Saturday, August 16, 2008

Ferociously knocked on my ass...

It's no secret on this blog that my family lost an amazing woman to a car accident just shy of three months ago. Every day, I expect the pain to go away a little more and the world to become okay again a little at a time. That, my readers, is not how grief works. It doesn't hurt any less three months later as it did when it happened. Things are still far from okay in my world and don't look to be getting any better in the near future. Sure, life has gone on and we have a new normal that we live with daily but everyone acts differently. Everyone thinks differently. We all seem to be trying to cram as much into one day as we humanly can because we may not get a tomorrow...and that is exhausting.

I can understand and even handle the exhausting aspects of life. I can handle the heavy weight upon my heart and soul. I can handle the children's outbursts of "I miss Grandma" and have even been able to tell when they are really hurting and when they are doing it for attention. I can handle talk of going through her things, thoughts of how different Christmas will be this year and even the talk of selling the house. Those things, a little at a time, I can deal with. I can process them and not lose my cool. I can live through it.

I cannot however deal when grief mercilessly knocks me on my ass and ferociously claws at my heart as it's doing today. You see, today marks the 28th anniversary of my husband's birth. A happy occasion by any right. A celebration of life lived (or at least endured) for 28 years. So why does it have me once again in the pits of despair? Because the woman who gave birth to this amazing man, the woman responsible bringing him into this world in the first place, who labored for hours and then cared for him for years is no longer her to celebrate her accomplishment. Birthdays are meant to be happy and joyous celebrations for the person who's having them but really they are a celebration of the accomplishment of our parents. The parents who brought us into this world and raised us to be the people that we are. The parents without whom we couldn't have been born to begin with.

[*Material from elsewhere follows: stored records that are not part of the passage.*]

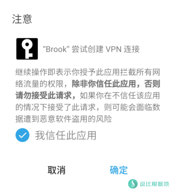 Brook安卓客户端和Shadowsocks/ShadowsocksR客户端一样,都是把代理转成 VPN,所以一开始会提示创建VPN 选择信任并确定即可。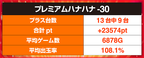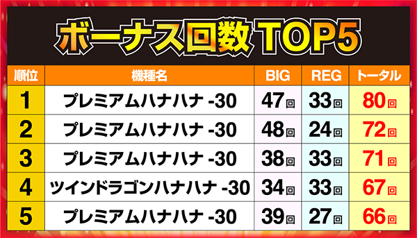 ボーナス回数80回を記録した「プレミアムハナハナ‐30」の1台がダントツ!!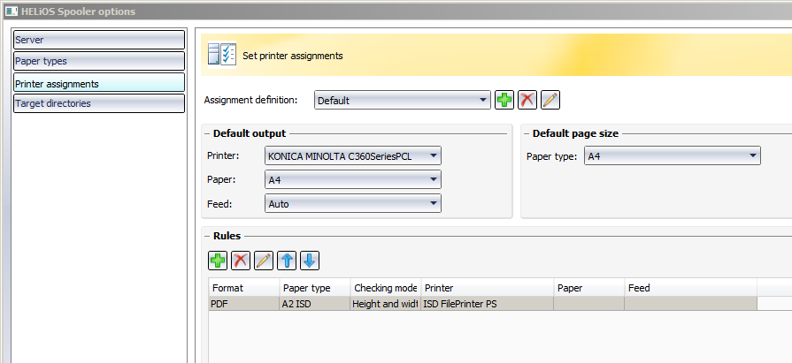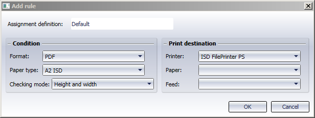 On the right, beneath Print destination, you can select the Printer to which the file is to be sent according to this rule. This make sense if, for example, all exceptional formats which are larger than A3 are not to be sent to the default printer specified on the Assignment definition tab (as this printer is not suitable for this paper size) but to a different to a different printer. Paper and Feed depend on the respective printer type and are optional fields (if no selections are made here, the default settings of the output devices will apply).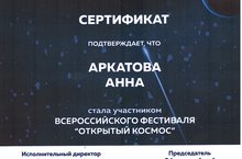 Аркатова Анна стала участником всероссийского фестиваля "Открытый космос".

Today is the day to say Thank You to my husband's parents for bringing a man into this world that was destined to stand beside me. A man for me to love. A man who without whom I would be nothing. Today should be filled with gifts and parties and happiness...instead, in the cruelest twist of fate, my Dear Hubby is at the cemetary wishing that just once more he could hear his mom's early morning voice singing "Happy Birthday" to him. That maybe for just today she could come back and hug him and share in the wonder that has been the first 28 years of his life. Retell the story of his birth over and over so that it is burned into his memory forever.

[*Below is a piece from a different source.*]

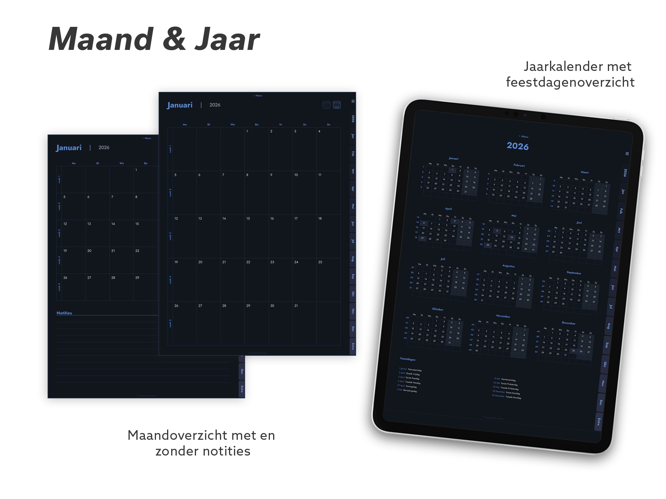 2026 Digitale planner voor iPad - Minimalist Dark Essential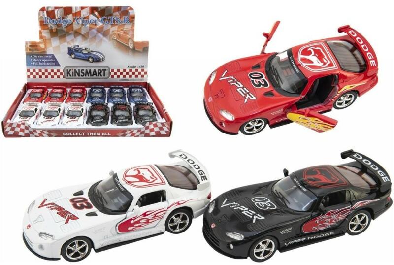 A Dodge Viper GTS-R autó gyönyörű fém modellje 1:36 méretarányban. A játékautó kinyitható ajtóval rendelkezik, és hátrahúzós. Négy színváltozatban kapható. A termék méretei: 13 x 6 x 3 cm. 3 évesnél idősebb gyermekek számára alkalmas.

Days like today make me wonder why the rest of us bother trying to get through life without her. And then I hear my accomplishments waking up and walking about the floor above me and I realize that we have to go on because there is still life that must be lived and enjoyed. I must push back at the ugly blacness that is grief, stand up and wipe myself off...

...even if it takes every ounce of energy my body possesses just to take one step.

So, It's Your Birthday, Honey. My wish for you is the strength to battle the overwhelming grief and the ability to get through this day with at least one smile. Thanks for telling Mom that I love her, too when you visited the grave this morning. Sometimes I'm not sure she hears all the times I talk to her. I love you.

2 comments:

Anonymous said...

You have to give yourself time. Grief takes a LONG time, years, to work through. You're not the only one who's been ferociously knocked on your ass, but you will get through this; other people have survived it and you will too, but it's brutal. Just know that you're not alone.

Anonymous said...

Holidays are the hardest because they shine a spotlight on the fact that the person we love is gone. It's been 6-1/2 years and I still can't quite get through Christmas without crying. Clawing at your heart is a good way to describe it. PLEASE call me if you ever want to talk because I really do know exactly what you're going through.